Interning can lead the host teacher to be more reflective, especially if feedback from the intern and open discussion after class are part of the experience.
Mentoring can also surface assumptions about teaching, but should it be a reciprocal experience? involve someone you know or a stranger? or maybe getting to know each other [as in a group of potential mentees] and then choosing a partner.
Observing each other's classes can, too.
Handout #9 of the set Brookfield used for the workshop (with permission to copy) concerned the downside and risks.

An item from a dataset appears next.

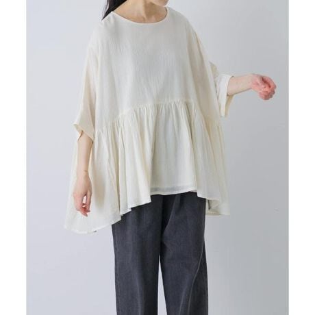 シンプルなボトムスに映えるブラウスが届きました。コットンクレープ生地は、表面に凹凸があり独特なシボ感が特徴です。程よくギャザーが入っていて、気になる部分を拾わないパターンにも注目。身幅がたっぷりとしているので着た時に両裾が自然に落ち、リラクシーで奥行きのあるシルエットです。簡単にスタイリングが完成する大人好みなアイテム。

| Impostorship: The mask of command feeling may be intensified by critical reflection, but that's natural when you examine your practices. | |
| Cultural Suicide: Reflective faculty can wind up in being ostracized by other faculty, just the problem that adult students can face with relatives and friends. For prevention, role-play or imagine for yourself how to re-enter a department after an insight. Focus on telling what happened to transform your teaching and don't offer until you are asked. Tell your questioning process, what you've learned, not what teachers "should" or "must" learn. [In short, focus on what teachers can replicate for themselves.] | |
| Lost Innocence: It can be a shock to learn that there is not a perfect teaching method, but that as faculty we just "muddle through." To counter-act this shock is one way a teacher support group can help. | |
| Roadrunning: Questioning can be confusing, cause uncertainty, be demoralizing, and can cause revisions to one's old method. A teacher support group can provide a parachute so that while you are being a sort of Wiley Coyote pursuing the impossible Roadrunner, you don't have to crash to the canyon floor of reality. | |
| Isolation vs. Community: College teaching nationally is an isolating profession; critical reflection requires a community; it's a social process. You need "mirrors" and emotional support. |
Critical reflection isn't just for faculty but for administrators, [staff], and students, too. At a "learning college," performance appraisal includes learning how you've learned[--for each of these groups]. But they may not credit your saying so unless you've built up "deviance credits" ["loyalty points" might be a more plausible term] by participating in and even championing administrative causes so that you can occasionally present a counter-perspective.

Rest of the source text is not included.